## [PROBLEM]
Exact reproduction, images excluded: write out the records below.

## [MATERIAL FOR THIS EXERCISE]
_ _ _

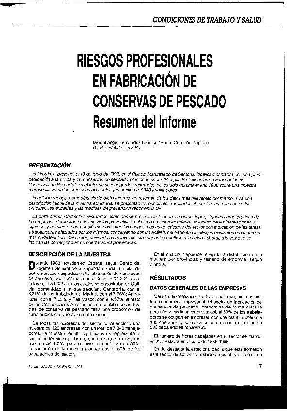 Riesgos profesionales en fabricación de conservas de pescado : resumen del informe
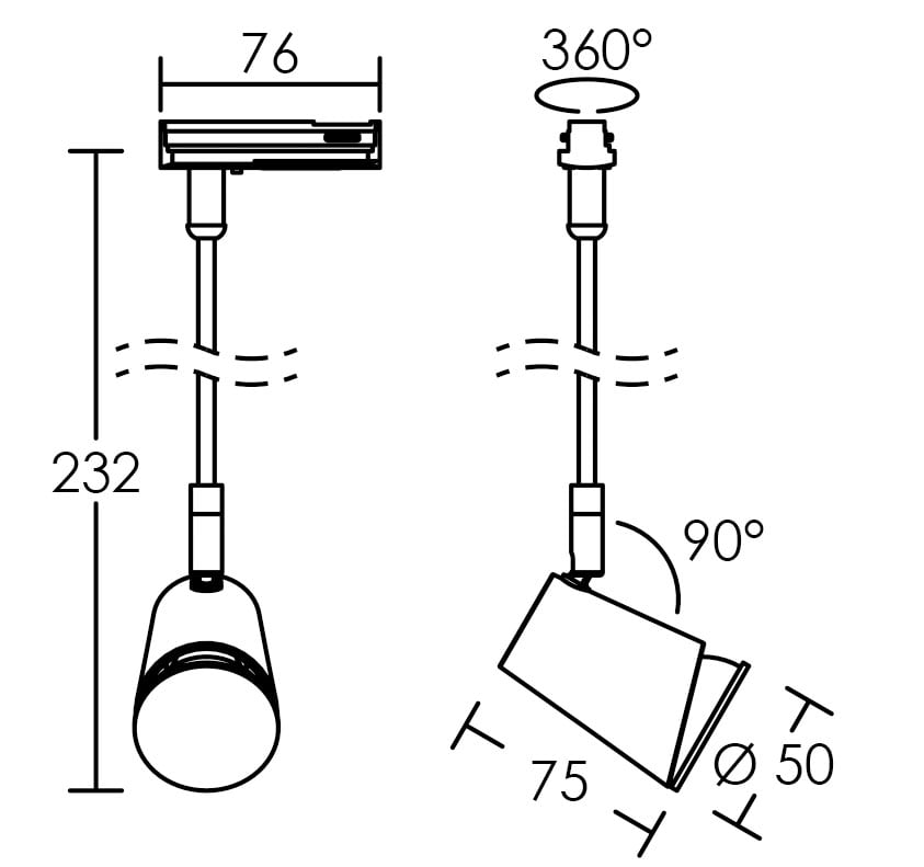 Spot JUDY pour Rail 1 allumage 029 GU10, blanc avec tige, lampe LED 3,6W 3000K 400 lumens, 25000H, variable fournie
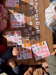 Des Weiteren schaffen wir einen anregenden Raum mit vielfältigem Material, das die Kinder zum Wahrnehmen, Handeln und Sprechen motiviert. Diese offene Umgebung fördert die eigenständige Sprachentwicklung und unterstützt die Kinder darin, ihre sprachlichen Kompetenzen spielerisch zu erweitern.
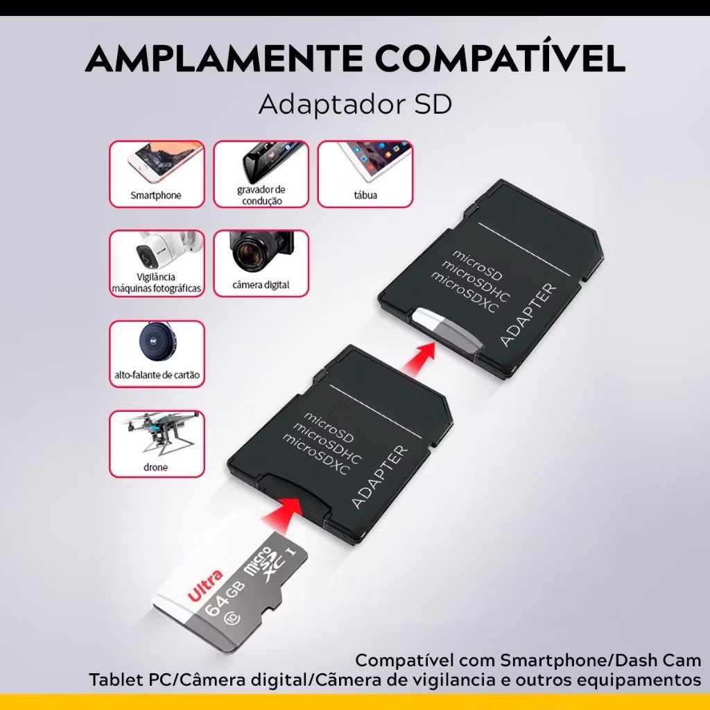 Cartão De Memória MicroSd 1TB/512gb/256gb/128gb Classe A10 Ultra Câmeras de Segurança Drone
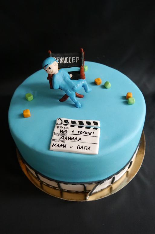 Торты детскиеСрочный тортик на годовасие сына в кино-семье (мама и папа операторы худ. фильмов) Оформление было полностью на мой откуп, так и появилась идея показать главного режиссера их сегодняшней жизни)))

_ _ _

## [RESULT OF THE TASK]
 Riesgos profesionales en fabricación de conservas de pescado : resumen del informe
 Spot JUDY pour Rail 1 allumage 029 GU10, blanc avec tige, lampe LED 3,6W 3000K 400 lumens, 25000H, variable fournie
 Des Weiteren schaffen wir einen anregenden Raum mit vielfältigem Material, das die Kinder zum Wahrnehmen, Handeln und Sprechen motiviert. Diese offene Umgebung fördert die eigenständige Sprachentwicklung und unterstützt die Kinder darin, ihre sprachlichen Kompetenzen spielerisch zu erweitern.
 Cartão De Memória MicroSd 1TB/512gb/256gb/128gb Classe A10 Ultra Câmeras de Segurança Drone
 Торты детскиеСрочный тортик на годовасие сына в кино-семье (мама и папа операторы худ. фильмов) Оформление было полностью на мой откуп, так и появилась идея показать главного режиссера их сегодняшней жизни)))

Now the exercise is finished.